Instructions to follow>
The whole listing is to be written out again exactly; the pictures are not.

Data shown>

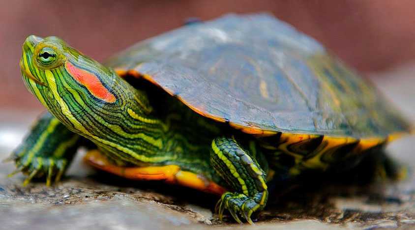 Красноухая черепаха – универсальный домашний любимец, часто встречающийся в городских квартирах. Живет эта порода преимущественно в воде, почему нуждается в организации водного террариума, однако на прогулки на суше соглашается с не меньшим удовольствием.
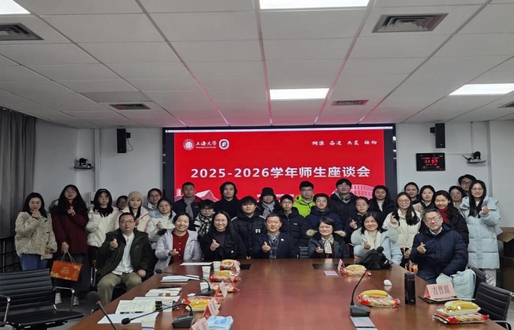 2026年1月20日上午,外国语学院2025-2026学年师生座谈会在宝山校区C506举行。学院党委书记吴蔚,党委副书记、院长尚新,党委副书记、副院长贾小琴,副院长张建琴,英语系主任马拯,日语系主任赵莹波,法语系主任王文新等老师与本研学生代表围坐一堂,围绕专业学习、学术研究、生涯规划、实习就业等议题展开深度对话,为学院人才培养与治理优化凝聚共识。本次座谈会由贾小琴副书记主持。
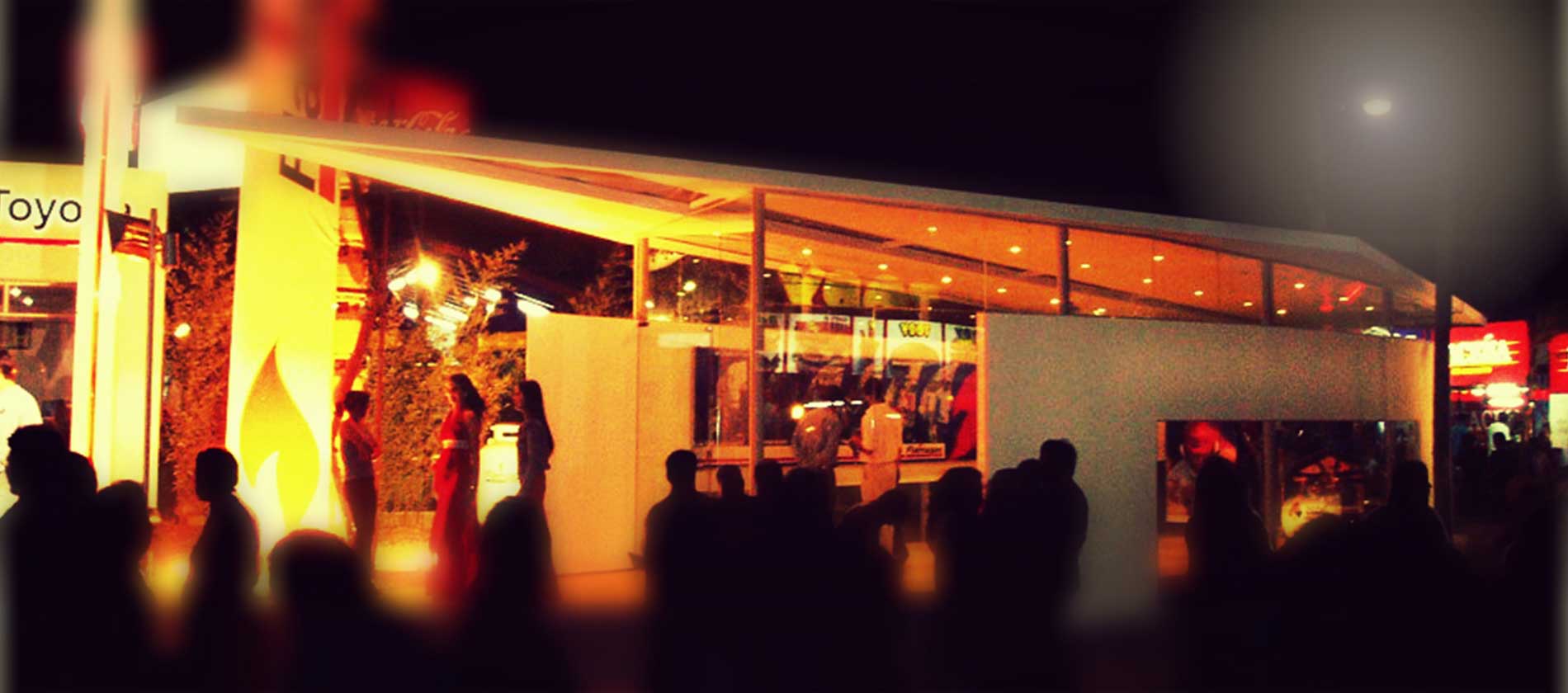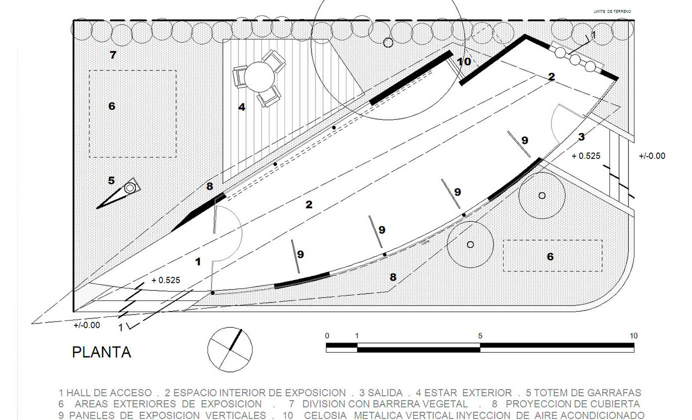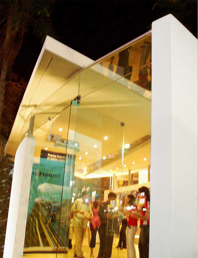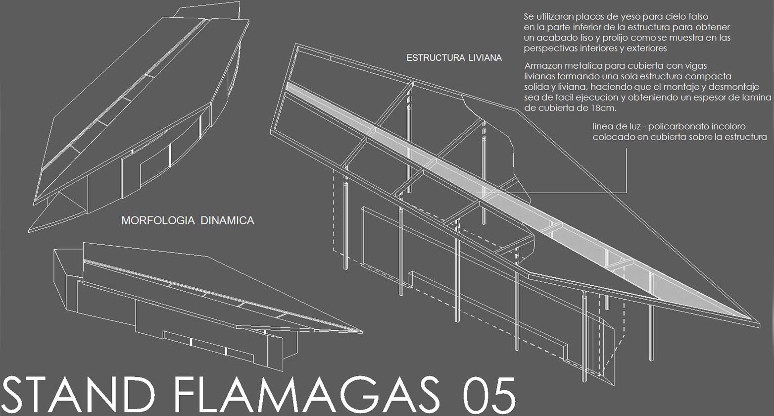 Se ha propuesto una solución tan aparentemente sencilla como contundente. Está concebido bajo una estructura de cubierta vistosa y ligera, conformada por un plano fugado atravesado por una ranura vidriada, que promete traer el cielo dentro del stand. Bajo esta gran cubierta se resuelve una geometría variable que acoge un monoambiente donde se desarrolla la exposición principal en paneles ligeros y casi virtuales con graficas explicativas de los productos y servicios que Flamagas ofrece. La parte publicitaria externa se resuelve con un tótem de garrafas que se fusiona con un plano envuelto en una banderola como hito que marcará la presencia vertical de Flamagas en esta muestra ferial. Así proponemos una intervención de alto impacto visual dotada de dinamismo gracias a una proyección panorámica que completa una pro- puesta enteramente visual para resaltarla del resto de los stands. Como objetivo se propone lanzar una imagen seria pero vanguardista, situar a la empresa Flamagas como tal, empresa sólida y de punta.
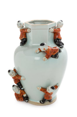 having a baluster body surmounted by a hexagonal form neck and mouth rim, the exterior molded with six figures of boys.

Solution below>
 Красноухая черепаха – универсальный домашний любимец, часто встречающийся в городских квартирах. Живет эта порода преимущественно в воде, почему нуждается в организации водного террариума, однако на прогулки на суше соглашается с не меньшим удовольствием.
 2026年1月20日上午,外国语学院2025-2026学年师生座谈会在宝山校区C506举行。学院党委书记吴蔚,党委副书记、院长尚新,党委副书记、副院长贾小琴,副院长张建琴,英语系主任马拯,日语系主任赵莹波,法语系主任王文新等老师与本研学生代表围坐一堂,围绕专业学习、学术研究、生涯规划、实习就业等议题展开深度对话,为学院人才培养与治理优化凝聚共识。本次座谈会由贾小琴副书记主持。
 Se ha propuesto una solución tan aparentemente sencilla como contundente. Está concebido bajo una estructura de cubierta vistosa y ligera, conformada por un plano fugado atravesado por una ranura vidriada, que promete traer el cielo dentro del stand. Bajo esta gran cubierta se resuelve una geometría variable que acoge un monoambiente donde se desarrolla la exposición principal en paneles ligeros y casi virtuales con graficas explicativas de los productos y servicios que Flamagas ofrece. La parte publicitaria externa se resuelve con un tótem de garrafas que se fusiona con un plano envuelto en una banderola como hito que marcará la presencia vertical de Flamagas en esta muestra ferial. Así proponemos una intervención de alto impacto visual dotada de dinamismo gracias a una proyección panorámica que completa una pro- puesta enteramente visual para resaltarla del resto de los stands. Como objetivo se propone lanzar una imagen seria pero vanguardista, situar a la empresa Flamagas como tal, empresa sólida y de punta.
 having a baluster body surmounted by a hexagonal form neck and mouth rim, the exterior molded with six figures of boys.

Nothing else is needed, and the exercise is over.